One of modern progressivism's enduring failures is its belief in the motivating power of national polls. For instance, just look at the polls on unemployment, progs say; We the People -- and isn't it peculiar how the right deploys the same self-majoritarian term? -- care less about climbing deficits than we do plunging jobs. So naturally the pols should listen and advocate (wisely, in my opinion) stimulus, for the time being, over fiscal restraint.
But of course they advocate no such thing. Why? It's seems, according to another of progressivism's enduring errors, that politicians simply enjoy practicing betrayal. They too can read polls, they know what "the people" want, what they demand, yet those pols are unspeakably corrupt, bought off by "corporatist" villains. Such is progressivism's explanatory worldview.
There are, however, a couple of flies in this argumentational ointment.
First, some of its leading lights don't know how to read a poll. This point was driven violently home the other day when I discovered in Firedoglake that a whopping 80 percent of the public supports government spending on jobs. Yeah! We the People speak!

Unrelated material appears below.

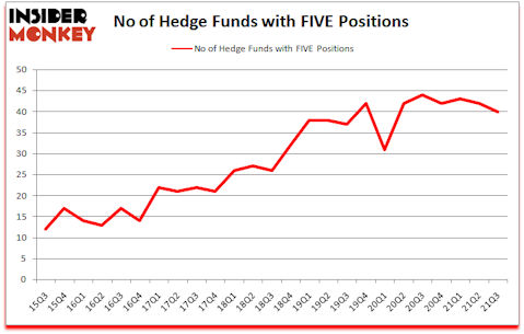 Five Below Inc (NASDAQ:FIVE) has experienced a decrease in hedge fund sentiment of late. Five Below Inc (NASDAQ:FIVE) was in 40 hedge funds’ portfolios at the end of the third quarter of 2021. The all time high for this statistic is 44. There were 42 hedge funds in our database with FIVE holdings at the end of June. Our calculations also showed that FIVE isn’t among the 30 most popular stocks among hedge funds (click for Q3 rankings).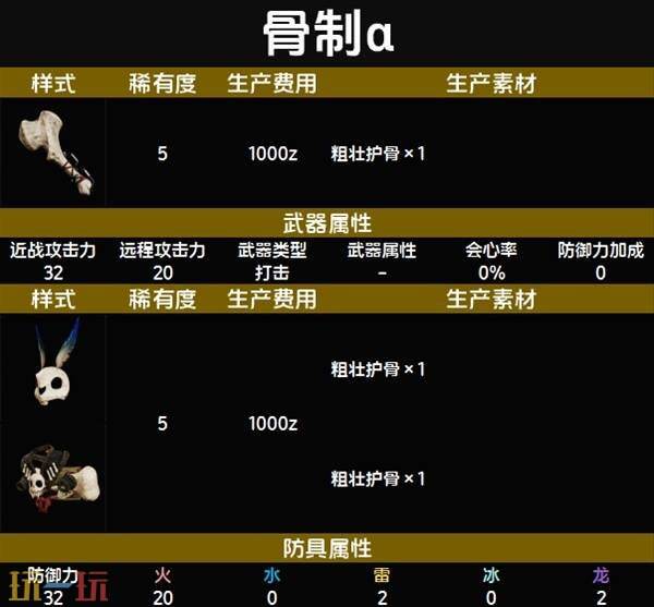 怪物猎人荒野随从猫骨制α套装数据与材料如下:

Well, actually, 38 percent of the people spoke along those lines, for in reality: When asked if they support spending on jobs, only 48 percent of respondents said yes; when then asked if they still would support spending if it meant an uptick in the deficit, 80 percent of the 48 percent said yes (hence the final 38 percent, and the vastly misinterpreted 80).

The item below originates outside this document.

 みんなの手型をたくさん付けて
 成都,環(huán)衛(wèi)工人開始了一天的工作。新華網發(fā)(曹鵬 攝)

How could Firedoglake commit such a sloppy and amateurish mistake? Simple. It wanted to believe in The People.
As for those insensate pols? Here's the Times' Paul Krugman this morning, compressing their insufferable hypocrisy:
[W]e see Congress sitting on its hands, with Republicans and conservative Democrats refusing to spend anything to create jobs...; fighting deficits, they insist, must take priority over everything else -- everything else, that is, except tax cuts for the rich, which must be extended, no matter how much red ink they create.
Yet hypocrisy isn't the same as insensitivity to the people's will, which, when analyzed through polling in the assorted politicians' districts or states, commonly reveals an anti-stimulus attitude. That attitude may be in profound economic error, nevertheless it is sainted public opinion. In short, let us indulge in the brutality of relentless objectivity by asking ourselves: Why, in a representative democracy, should a Nebraska congressman give a damn about what the good progressive people of San Francisco think?

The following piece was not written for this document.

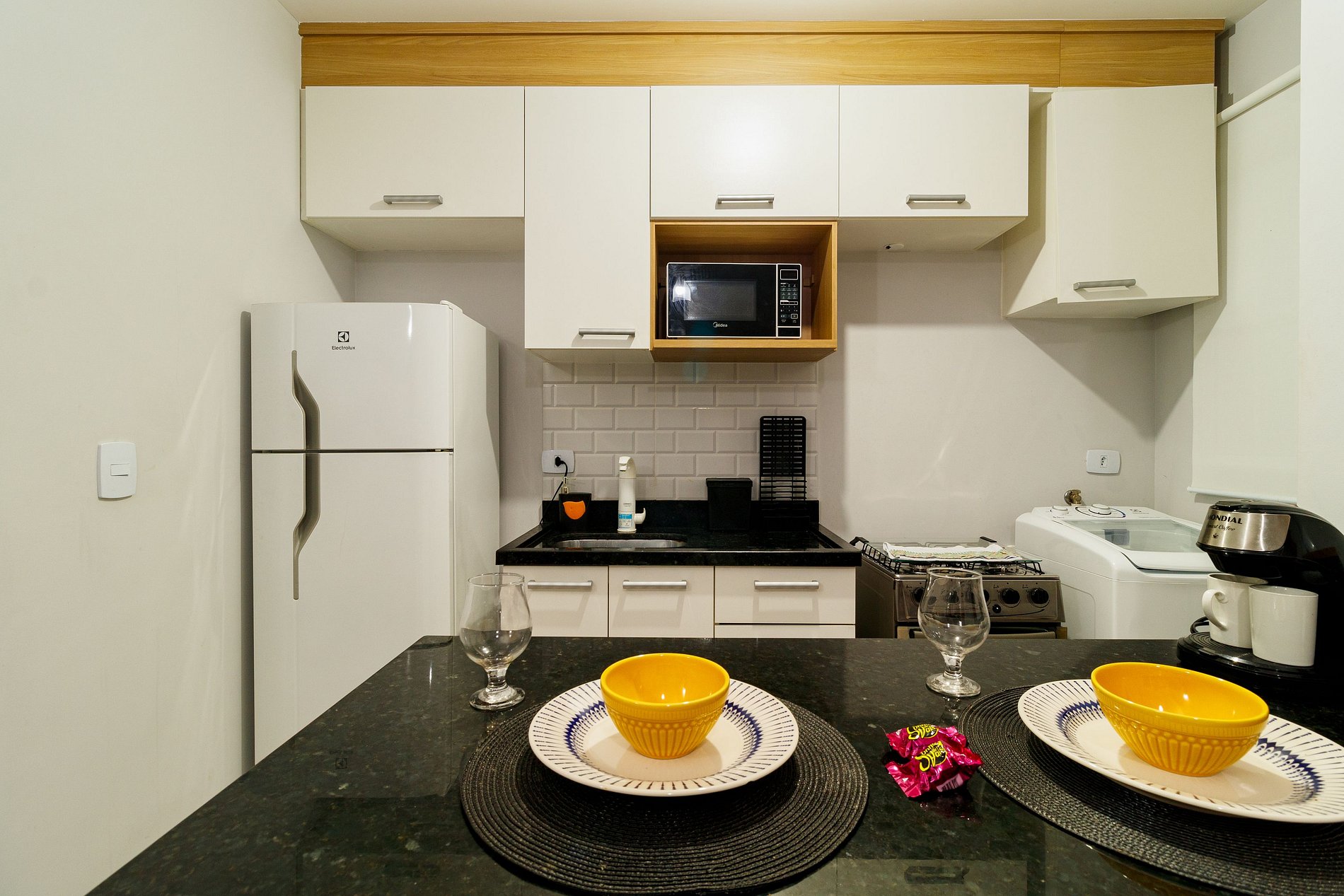 No pequeno espaço há tudo o que você precisa tal como sala com Smart TV, sofá, cama de casal, guarda-roupa banheiro com box blindex, cozinha com armários e utensílios, fogão, geladeira, microondas , maquina de lavar e lavanderia.

Because, I hear you cry, It's the right thing to do. Which, as policy, it is. But wait. I thought that chief among progressive doctrine was an unerring allegiance to what "We the People" demand. Not true, it seems, when representative democracy conflicts with desired policy goals.
The point of all this you've probably gathered. While progressive goals may indeed be desirable, "movement" progressivism suffers from debilitating, organic contradictions which are blisteringly clear to the attentive swing-voting middle -- that is, where most of the votes are.
My suggestion? For starters, that movement progressives stop the celebratory cheerleading; that they stop claiming a majority will they so vividly lack. The true majority may not comprehend the fundamentals of post-Keynesian economics, but they do have an uncanny penchant for recognizing -- and more important, honoring -- self-honesty, the practice of which could someday actually put progressivism in the majority.